Introduction
On a not-so-busy day, I received an alert saying tempdb was at 90 percent of the drive size with only 10 percent remaining. This was a SQL Server 2014 instance hosting AlwaysOn secondary databases.
Explanation
I logged onto the server to check what was running in tempdb. Everything looked normal, and the daily routine queries were running. I checked memory and the CPU, both were fine but the tempdb kept filling. After a while, I ran the below query to see the tempdb space usage.
SELECT GETDATE() AS runtime, SUM(user_object_reserved_page_count) * 8 AS usr_obj_kb, SUM(internal_object_reserved_page_count) * 8 AS internal_obj_kb, SUM(version_store_reserved_page_count) * 8 AS version_store_kb, SUM(unallocated_extent_page_count) * 8 AS freespace_kb, SUM(mixed_extent_page_count) * 8 AS mixedextent_kb FROM sys.dm_db_file_space_usage;
Here are my results:
Note: There are many AlwaysON secondary databases hosted on this server and all the queries that run against the secondary databases are automatically mapped to the snapshot isolation transaction level. The snapshot isolation level copies row versions into tempdb. The Version_store_kb column in the above query shows the current size of all the version stores.
I noticed version_store_kb was at 850 GB which caught my attention. At this point, Tempdb had reached a size of 950GB, out of which the Version store was using 850 GB. This indicated there were sessions using the version stores in tempdb. However, when I looked at the active sessions on the server, just the routine queries were running, which in the past had never caused any issues.
select r.session_id, r.cpu_time, p.physical_io, t.text, substring(t.text, r.statement_start_offset/2 + 1, case when r.statement_end_offset = -1 then len(t.text) else (r.statement_end_offset - r.statement_start_offset)/2 end) as text_running, p.blocked, db_name(p.dbid) as dbname, r.status, r.command, r.start_time, r.wait_type, p.waitresource, p.status, p.open_tran, p.loginame, p.hostname, p.program_name, r.percent_complete, r.wait_type, r.last_wait_type, p.waittime from sys.dm_exec_requests r cross apply sys.dm_exec_sql_text(r.sql_handle) t inner join sys.sysprocesses p on p.spid = r.session_id
After further investigation, with the help of performance counters, I tracked the below performance counters.
- SQLServer:Transactions\Longest Transaction Running Time – shows the longest transaction that’s currently running
- SQLServer:Transactions\Version Store Size (KB) – shows the current size of all the version stores
- SQLServer:Transactions\Version Cleanup rate (KB/s) – shows the rate of version cleanup in tempdb
- SQLServer:Transactions\Version Generation rate (KB/s) – shows the rate of version generation
The Longest Transaction Running time counter was showing the value ~ 637803. This meant there was an old transaction that was still using the version store. The Version Store Size (KB) was showing ~850 GB and was still growing bigger. The version Generation rate (KB/s) was at 500 KB/s which was an acceptable range. The Version Cleanup rate (KB/s) was zero which indicated there was no cleanup happening on version store.

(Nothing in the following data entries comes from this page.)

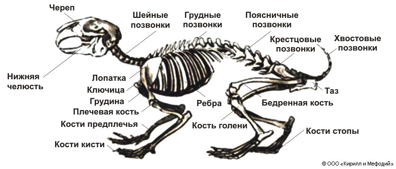 Позвоночник млекопитающих состоит из шейных, грудных, поясничных, крестцовых и хвостовых позвонков. Соединенные с грудиной ребра образуют грудную клетку.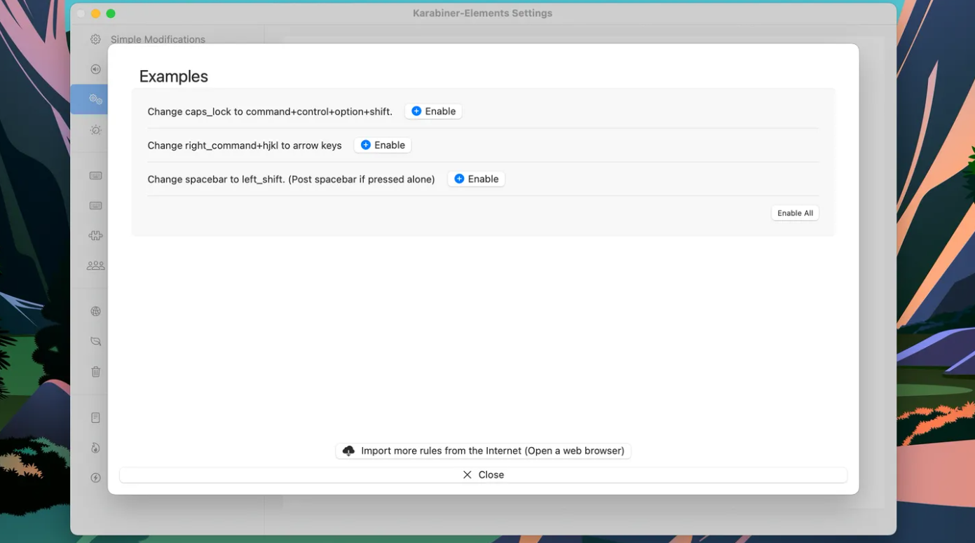 Самый простой способ работать со сложными модификациями с помощью Karabiner — загрузить несколько модификаций, представленных другими пользователями. Вы также можете написать свой собственный файл в формате JSON, но это выходит за рамки данной статьи. Даже веб-интерфейс, который был создан для упрощения работы, не совсем дружелюбен к новичкам.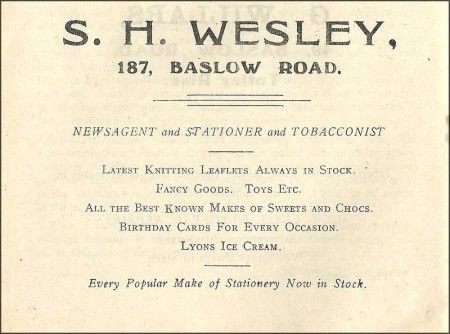 Other people remember the newsagents shop fondly like Robert H. Carr in the November 1997 issue: "Certain shops stand out in the memory, Wesley's on Baslow Road with their halfpenny and penny trays (containing liquorice and sherbet etc.) each item priced accordingly. There was also a twopenny tray. You were really in the money if you could afford that one!"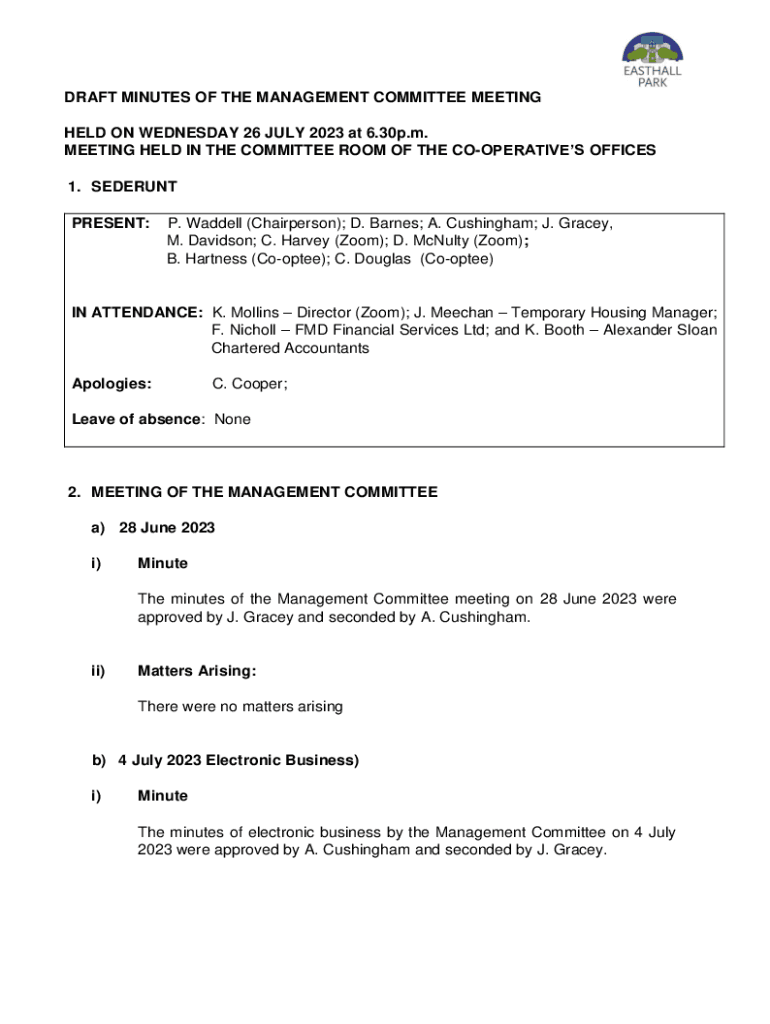 DRAFT MINUTES OF THE MANAGEMENT COMMITTEE MEETING HELD ON WEDNESDAY 26 JULY 2023 at 6.30p.m. MEETING HELD IN THE COMMITTEE ROOM OF THE COOPERATIVES OFFICES 1. SEDERUNT PRESENT:P. Waddell (Chairperson);
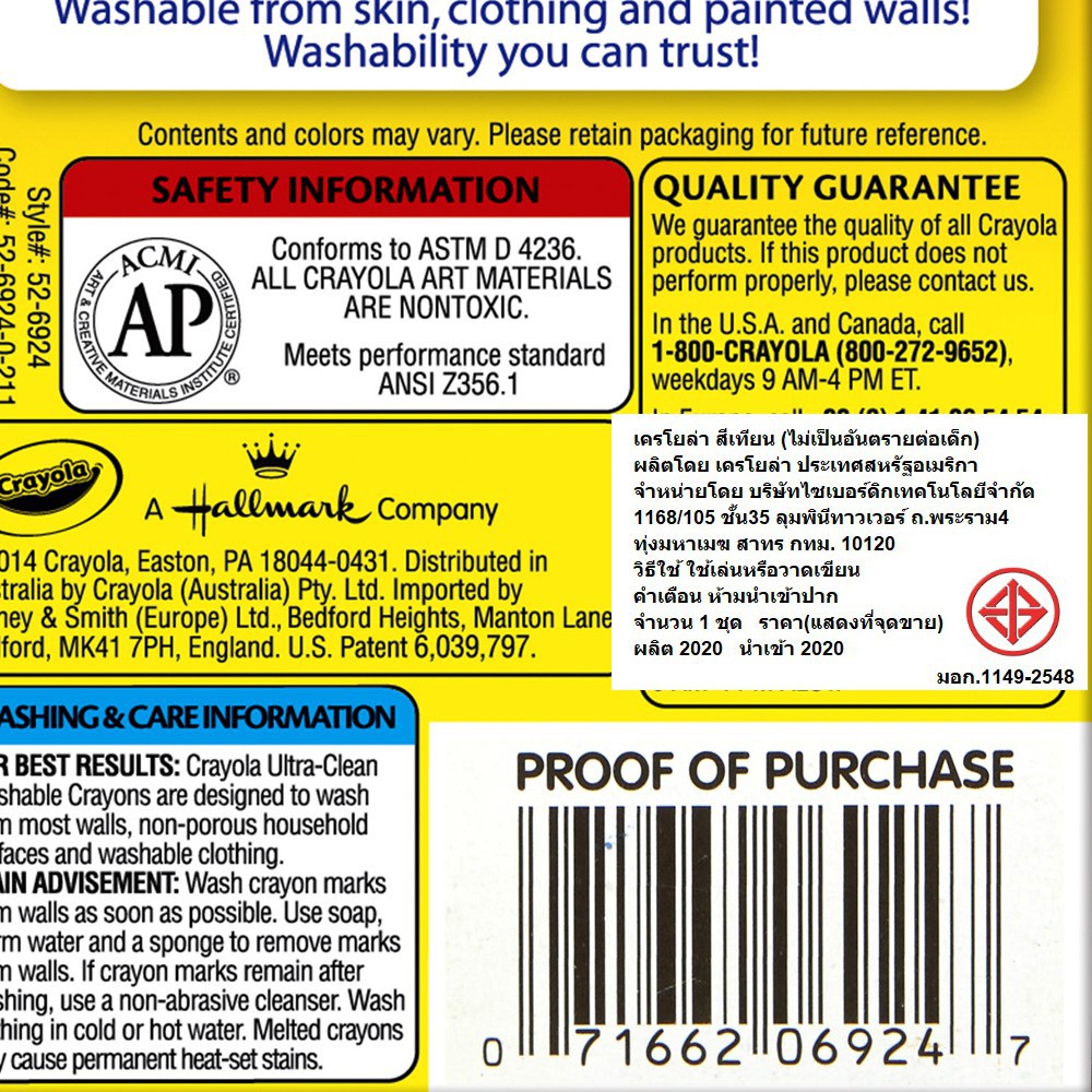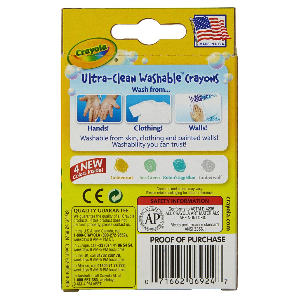 Crayola Ultra Clean Washable Crayons เครโยล่า สีเทียนล้างออกได้ อัลตร้าคลีน 24แท่งสำหรับเด็ก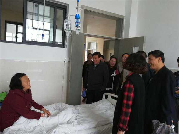 在看望贫困患者张学红时,贾苗亲切地询问道:“老人家,您现在病情好些了没有啊?觉得住院环境怎么样?住院过程中缴费了没有呀?”张学红热泪盈眶:“我现在感觉好多啦,在这住院感觉很好,已经住院8天了,没有交任何费用就让我先治病。是武医生救了我的命,武医生技术好,态度好,比我亲儿子还亲。感谢党、感谢习近平,是党的政策好啊!让我们穷人也能看得起病。谢谢你们!”这是患者发自内心的感叹。赵院长随即说道,“老人家,住院过程中有任何问题请及时跟我或其他医务人员反映,以利于我们及时改进,更好的开展工作。”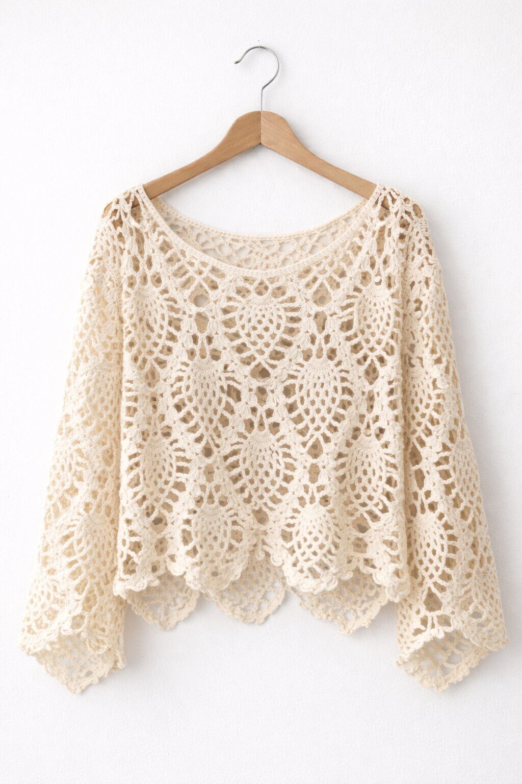 Een visueel aantrekkelijke gehaakte top met opengewerkte sierpatronen en een eigentijdse, korte snit.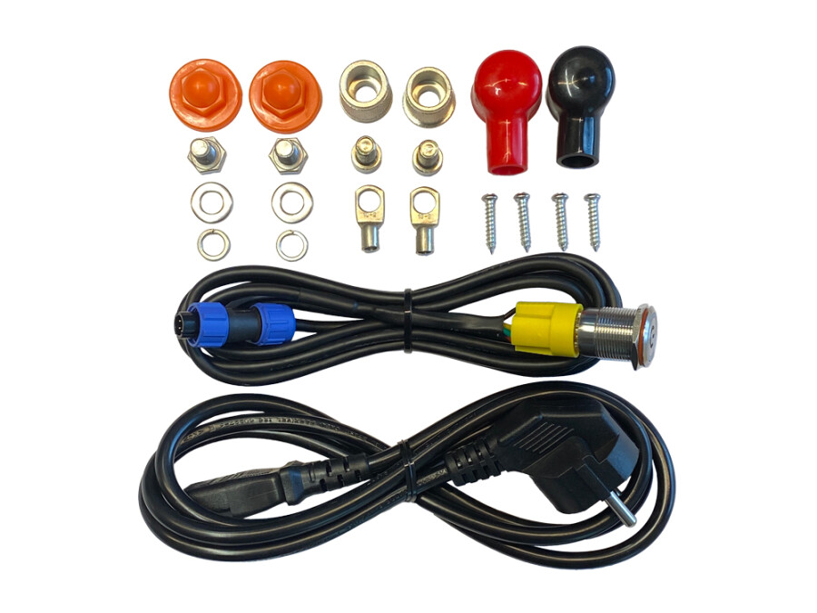 Die Batterie wird mit praktischem Zubehör wie einer Montageplatte, Batterieklemmen, einem Stromkabel und einem verkabelten Ein-/Aus-Schalter für eine einfache Installation und Nutzung geliefert.

I then tried mapping the time of the oldest transaction that was using version store using the below query:
select dateadd(ss, -637803,getdate())
I then mapped the above time with last_batch in master.sys.sysprocesses table.
select spid, login_time, last_batch, status from master.sys.sysprocesses where last_batch between '2016-09-20 05:44' and '2016-09-20 05:46'
kill 484
The SPID was in sleeping state and was 7 days old. As soon as I killed the SPID, the version cleanup started and Version store size started to decrease. The session that was in sleeping state was actually blocking the version store from cleaning up.
SELECT GETDATE() AS runtime, SUM(user_object_reserved_page_count) * 8 AS usr_obj_kb, SUM(internal_object_reserved_page_count) * 8 AS internal_obj_kb, SUM(version_store_reserved_page_count) * 8 AS version_store_kb, SUM(unallocated_extent_page_count) * 8 AS freespace_kb, SUM(mixed_extent_page_count) * 8 AS mixedextent_kb FROM sys.dm_db_file_space_usage;
Conclusion
It is good to monitor tempdb growth on AlwaysON secondary server because alwaysOn uses tempdb to store row versions and temporary readonly statistics that are created by optimizer on readonly databases.
The performance counters like Version Store Size (KB), Version Cleanup rate (KB/s), Version Generation rate (KB/s), Longest Transaction Running Time are helpful in troubleshooting version store growth in tempdb. It is also a good practice to kill sessions that are idle for long.
This was one of the interesting issues I faced in the recent past and wanted to share the same with you. Hope my article is helpful.